Ahed’s Knee (2021), directed by Nadav Lapid. Here is a film seething with anger. Its protagonist is a movie director, Y, played by Avshalom Pollak, who is preparing to make a film concerning the young Palestinian activist, Ahed Tamimi, who was sent to prison for slapping an Israeli soldier, an event that was on TV. Apparently, a man who saw the news footage tweeted that Ahed ought to be shot in the knee. The film begins with a montage of knee shots and some actors reading for parts in the proposed film. Meanwhile, Y travels into the desert to a small town where he is to screen one of his films at the local library. He meets his host, a librarian who now works for the government as a Deputy Minister for Culture, Yahalom (Nur Fibak). The two of them form something of a bond, and Y confides in Yahalom, telling her of his unpleasant experiences while serving his military service. These two appear to share a dislike of the present government’s curtailing of free speech. Despite their seemingly similar views, Yahalom asks Y to sign a form that stipulates what topics he can and cannot address during the question period following the screening. Y is filled with anguish and even rage. His only other confidente appears to be his mother who collaborates with her son on the films he makes. She is ill with lung cancer. By the end, things have come unstrung. Anyway, the film has some wonky camera swirls and cuts, much desert dreariness, and lots of anger as Y monolgues his way to the end. (Can ‘monologue’ be a verb?) This is a film about the artist’s commitment to free speech.
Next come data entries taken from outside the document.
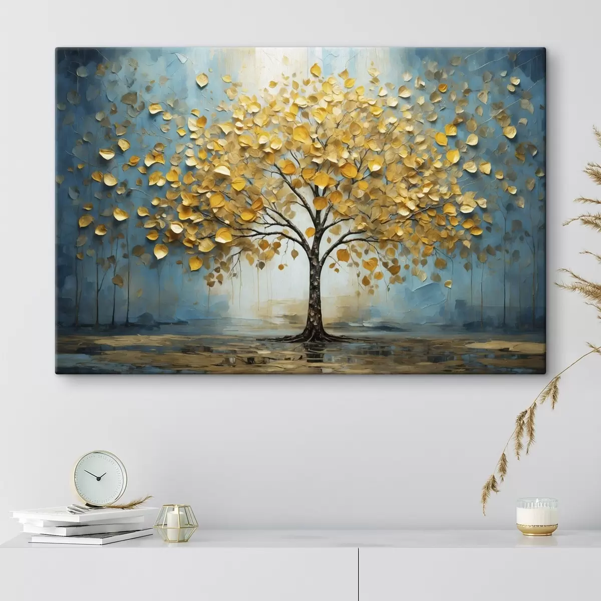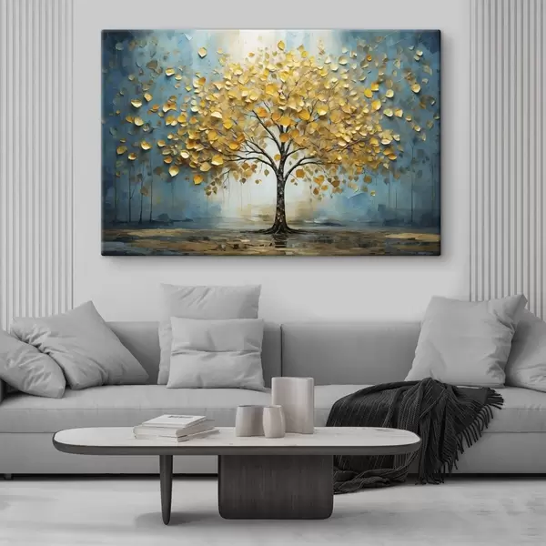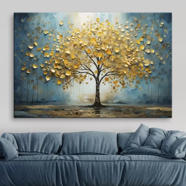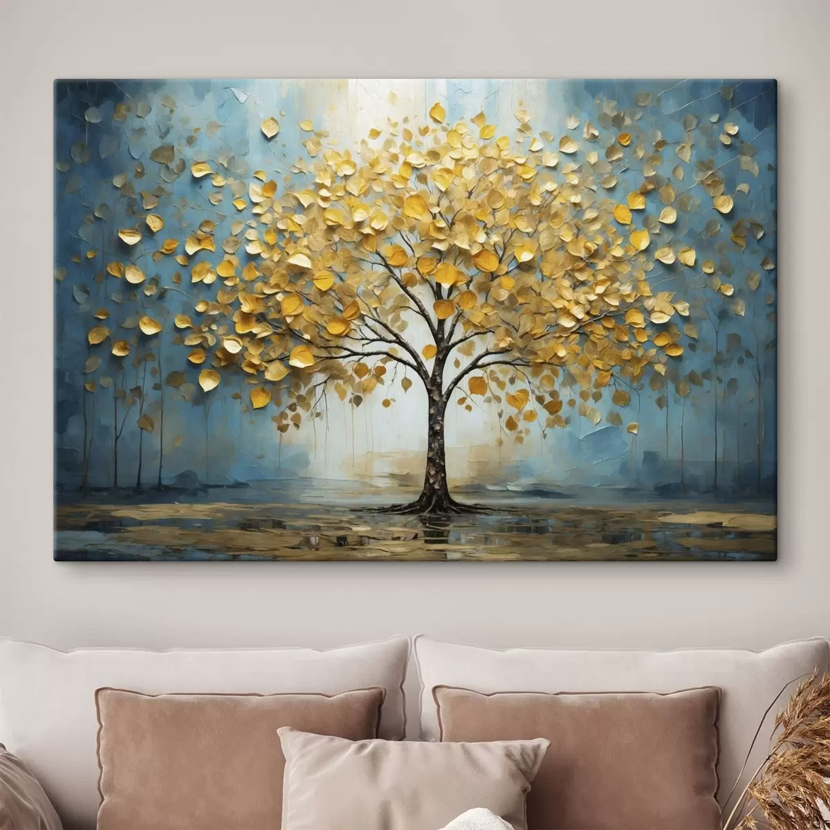 Gemälde Baum mit gelben Blättern vor blauem Hintergrund Art. s47256
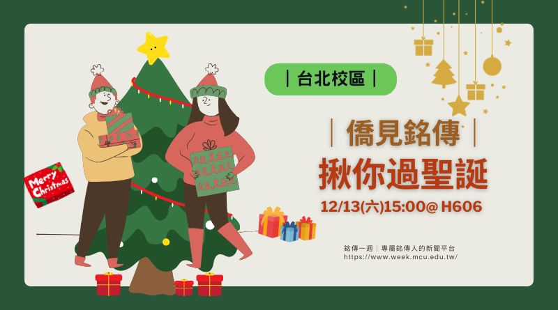 隨著聖誕節腳步靠近,台北校區的節慶氣氛也悄悄升溫。馬來西亞僑生同學會「僑見銘傳」將於 12/13(六)15:00-20:30 在 H606 舉辦年度聖誕活動「揪你過聖誕」,以禮物交換、餐點分享與輕鬆歡聚的方式,陪伴僑生在期末前夕度過一個溫暖的節日午後。
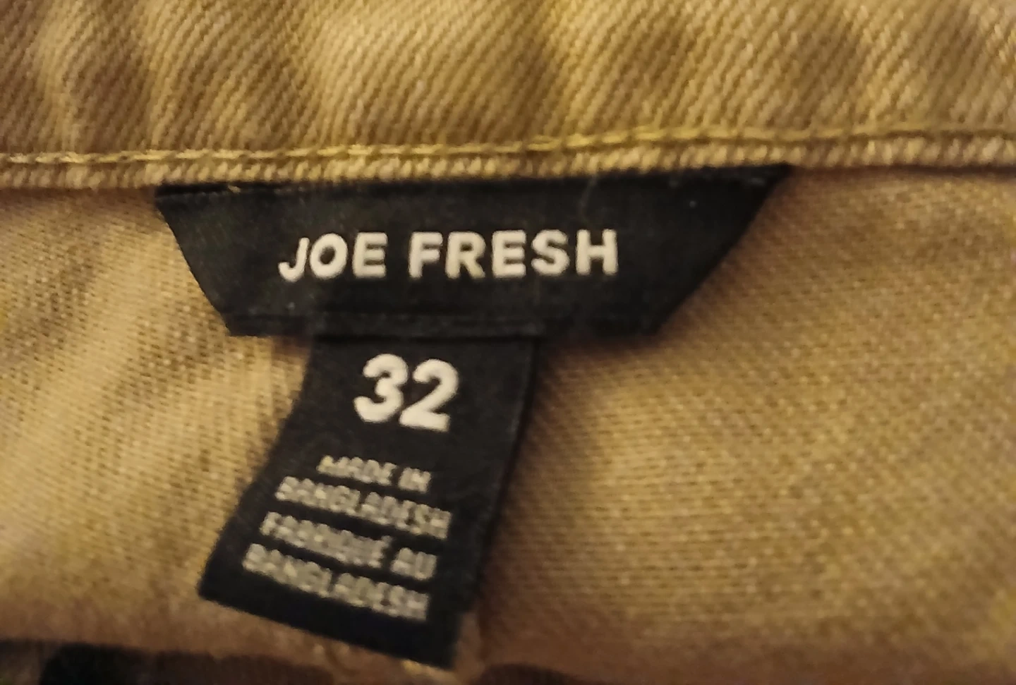 Brand new Joe Fresh khaki pants in size 32. These pants are made of a durable fabric with a comfortable fit. They feature a classic five-pocket design. A great choice for casual wear!
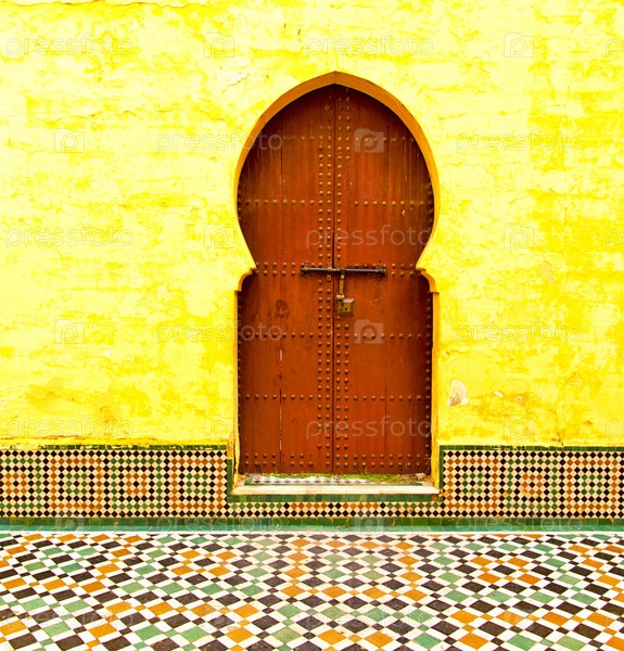 Исторические в античном здании дверь Марокко стиль Африке дерева и металла, ржавые
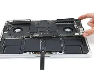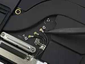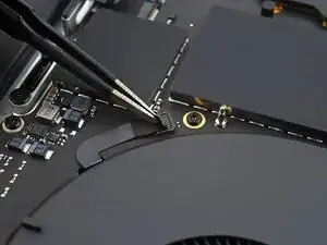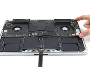 Снимите скобу кабеля трекпада пинцетом или пальцами.
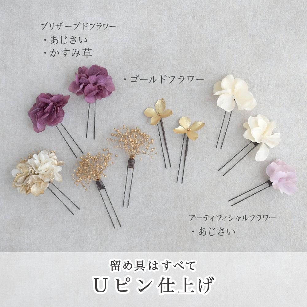 その日のヘアスタイルによって自由に一輪一輪配置できます。お花の数が多い場合でも、アメピンを追加して簡単にしっかりと固定できます。
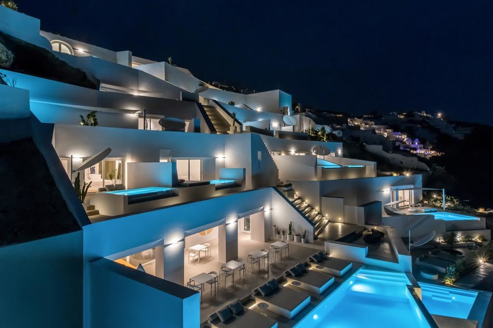 Arhitekturni biro Kapisimalis je v najlepši vasici na Santoriniju zgradil hotel Saint. Na otoku, znanem po svoji razgibani pokrajini, ki jo je oblikoval izbruh vulkana, so v zadnjem času postali izredno popularni apartmaji, ki so vkleasni v pobočje in s svojimi polkrožnimi stropi spominjajo na jamo. In ravno to je hotel Saint, saj vsebuje vse vidike klasične kikladske arhitekture.
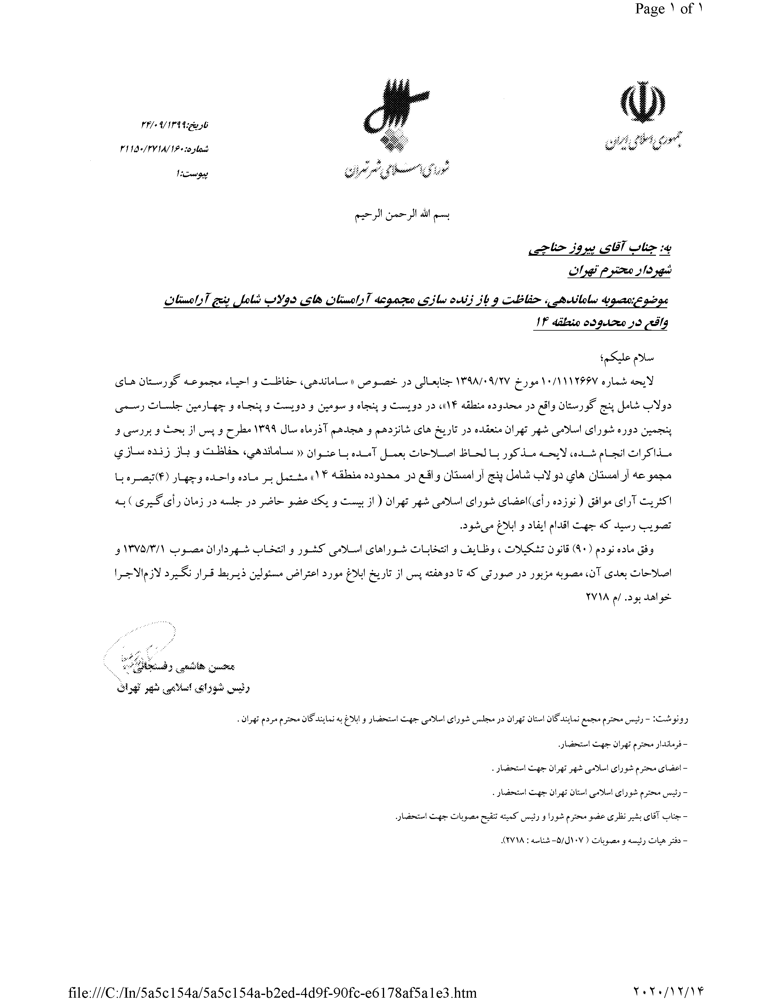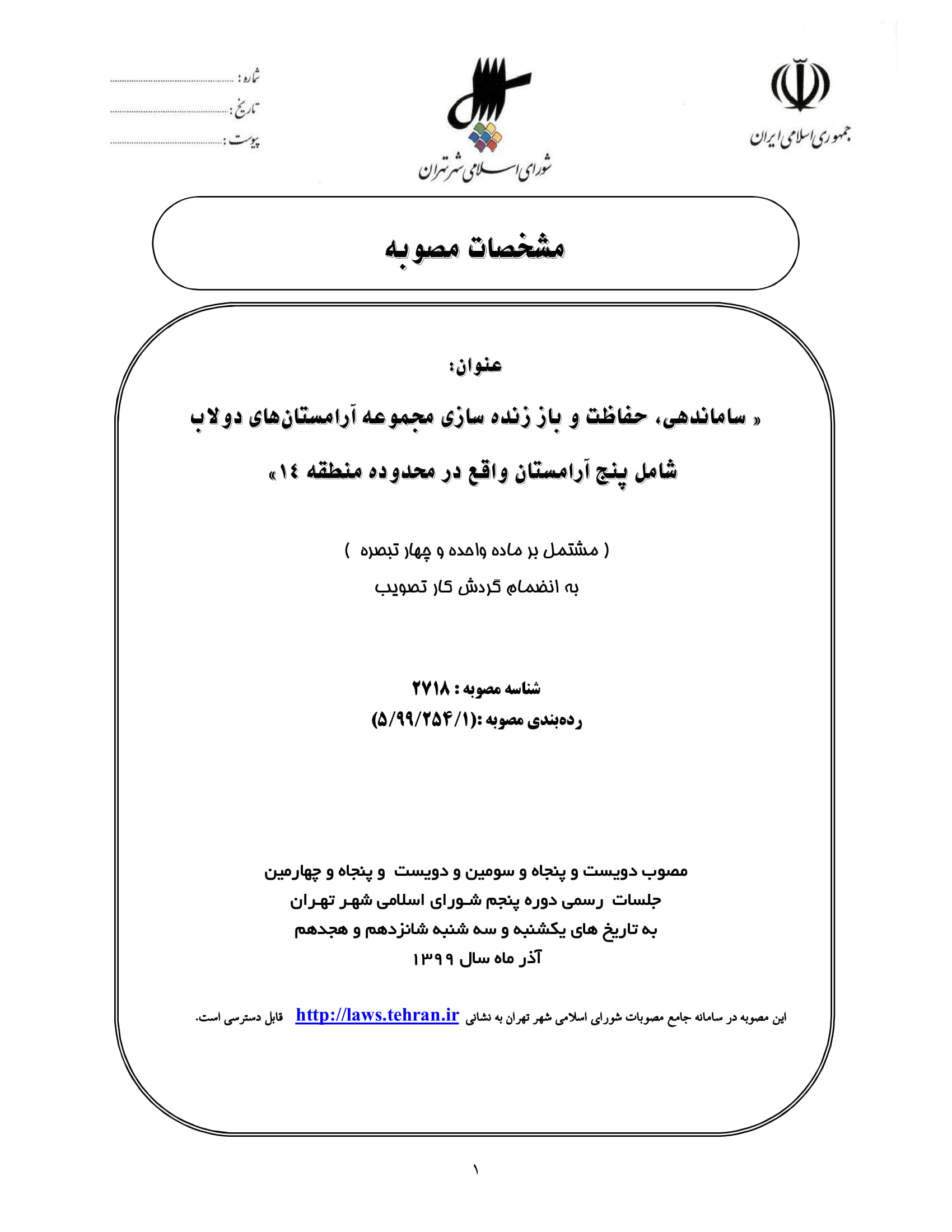 ساماندهي حفاظت و باز زنده سازي مجموعه آرامستانهاي دولاب شامل پنج آرامستان واقع در محدوده منطقه 14
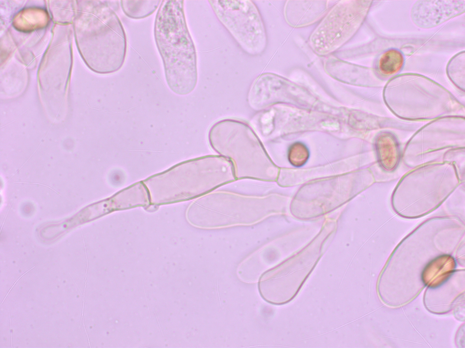 2-5fach septiert, bestehend aus zylindrischen oder keuligen Zellen. Endzellen 15-25 (-35) x 6-18 µm, teilweise eingeschnürt.
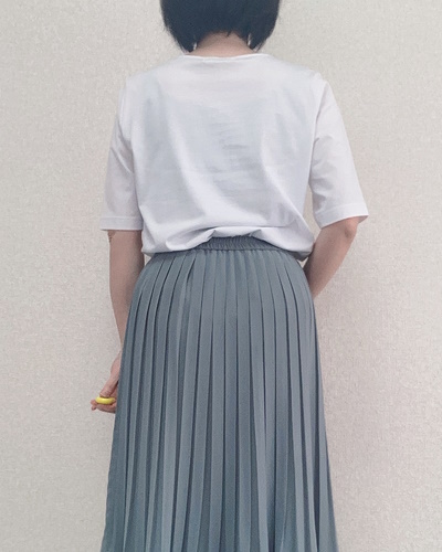 ボトムスに選んだのは、この時期の景色になじむミントグリーンのプリーツスカートです。

Red Cliff (2008-9), directed by John Woo. This is a four hour and forty-eight-minute film about the battle of Red Cliffs that took place in 208 AD. It is lavish in the extreme, even breathtaking. It is also very much a film about male friendship and male enmity. A driving force of the plot is the nefarious Cao Cao (Zhang Fengyi), Prime Minister of the Han Empire. He desires Xiao Qiao (Chiling Lin), wife of Zhou Yu (Tony Leung) who is leader of rebel forces. Then we have master strategist Zhuge Liang (Takeshi Kaneshiro) who forms a bond with Zhou; they are brothers in arms, although Zhou does all the impressive fighting. Aside from Xiao, we also have Sun Shangxiang (Wei Zhao), a spunky young woman who infiltrates the Empire’s forces to gather useful information. Of course, there is an assortment of other characters, and a huge cast of extras. Woo was allowed to use 1,500 government soldiers to helps with sets and action, and to provide men for the battle sequences. The battle sequences are complex and spectacular. Woo also had two full-sized ships built for the action on water and the many other ships appear courtesy of CGI. It is quite amazing how Woo and his collaborators find multiple ways for soldiers to die. Mostly what the film offers is eye-popping action, although it does manage a bit of romance (and bromance too), a smidgen of political scrutiny, and a lesson on how to make tea. The actors are attractive, the action furious, and locations, sets, costumes, and camera work as good as it gets. The length of the film is kept in check by separation of the narrative into Parts 1 and 2, Part 2 beginning with a short visual summary of Part 1. In other words, you may watch the film in two sittings, if you prefer.


Three Thousand Years of Longing (2022), directed by George Miller. Miller is known for his Mad Max films, and so you can expect exuberance. What you may not expect is a fantasia of colour and weirdness in an Arabian Nights vein. The screenplay is an adaptation of a story by A. S. Byatt in which an academic, a professed narratologist, finds herself inside a story thousands of years in the making. She releases a Djinn who pleads with her to make three wishes so he may be released from long years inside a bottle. She knows about story and so she knows that stories of genies and wishes are cautionary tales. The academic is Alithea (Tilda Swinton) and the Djinn is, well the Djinn (Idris Elba). Seeing the Djinn traipse about in Alithea’s hotel room wearing a torn white bathrobe might make you think that the academic had made her wish and it has come true. Anyway, we have a lavish recounting of several stories. Costumes are colourful and voluminous. The whole thing is strange, but in an interesting way. Ultimately all the finery, all the time skipping, all the opulent sets, all the discussions of desire and fear and power and so on devolve into something like, ‘tis love, ‘tis love that makes the world go round. 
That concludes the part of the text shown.